Work request —
Beginning at the top of the data below, restate every line word for word until the line containing "ALLEY OFF BY V. T. HAMLIN" has been included, and omit the pictures.

Collected data
>>
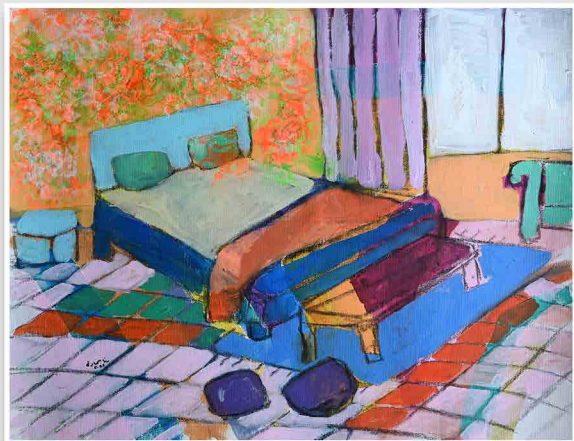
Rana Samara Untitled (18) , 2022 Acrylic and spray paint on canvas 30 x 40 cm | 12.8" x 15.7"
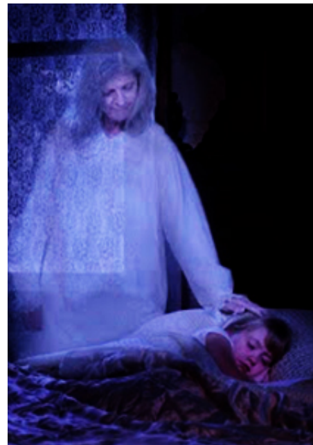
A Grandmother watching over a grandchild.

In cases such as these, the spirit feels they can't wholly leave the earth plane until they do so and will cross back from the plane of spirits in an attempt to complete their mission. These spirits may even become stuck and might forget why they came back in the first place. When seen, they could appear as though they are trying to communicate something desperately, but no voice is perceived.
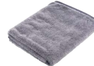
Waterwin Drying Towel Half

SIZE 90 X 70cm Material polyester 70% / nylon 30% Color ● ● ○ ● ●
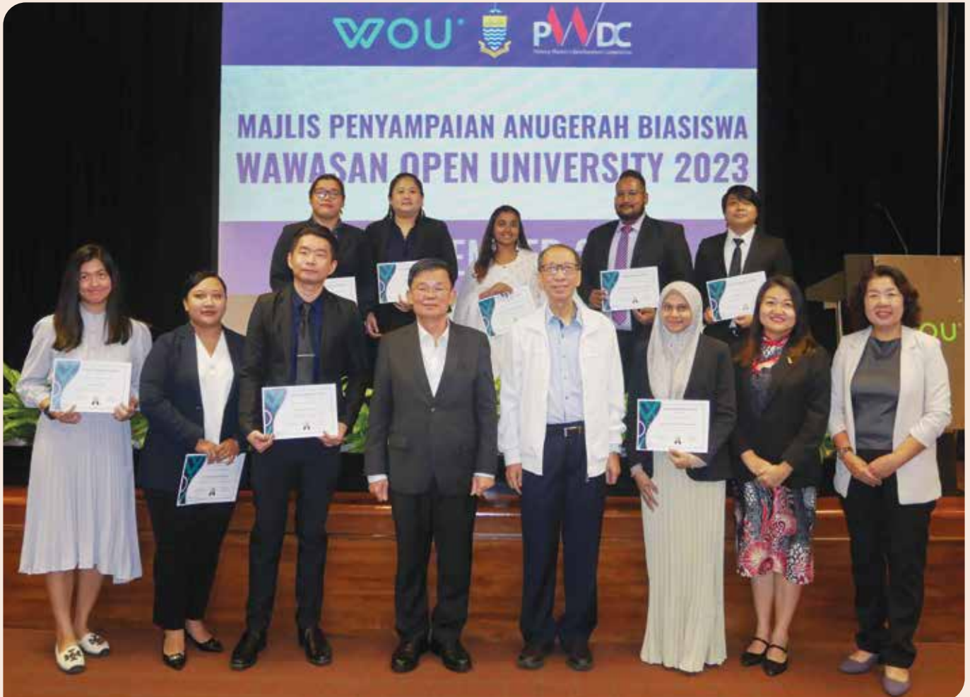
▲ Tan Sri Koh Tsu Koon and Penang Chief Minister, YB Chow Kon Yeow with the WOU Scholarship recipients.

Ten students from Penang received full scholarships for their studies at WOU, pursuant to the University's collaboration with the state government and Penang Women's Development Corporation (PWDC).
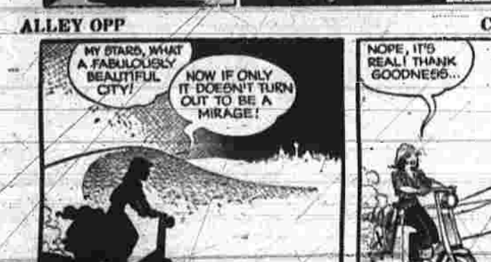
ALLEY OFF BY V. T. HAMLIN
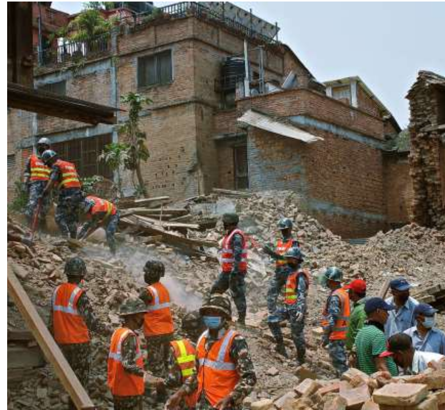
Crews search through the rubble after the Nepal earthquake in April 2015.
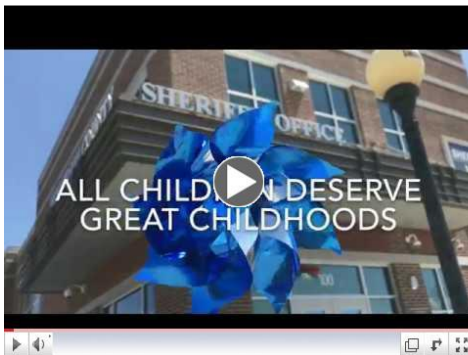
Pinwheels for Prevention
<<
Written answer —
Rana Samara Untitled (18) , 2022 Acrylic and spray paint on canvas 30 x 40 cm | 12.8" x 15.7"
A Grandmother watching over a grandchild.

In cases such as these, the spirit feels they can't wholly leave the earth plane until they do so and will cross back from the plane of spirits in an attempt to complete their mission. These spirits may even become stuck and might forget why they came back in the first place. When seen, they could appear as though they are trying to communicate something desperately, but no voice is perceived.
Waterwin Drying Towel Half

SIZE 90 X 70cm Material polyester 70% / nylon 30% Color ● ● ○ ● ●
▲ Tan Sri Koh Tsu Koon and Penang Chief Minister, YB Chow Kon Yeow with the WOU Scholarship recipients.

Ten students from Penang received full scholarships for their studies at WOU, pursuant to the University's collaboration with the state government and Penang Women's Development Corporation (PWDC).
ALLEY OFF BY V. T. HAMLIN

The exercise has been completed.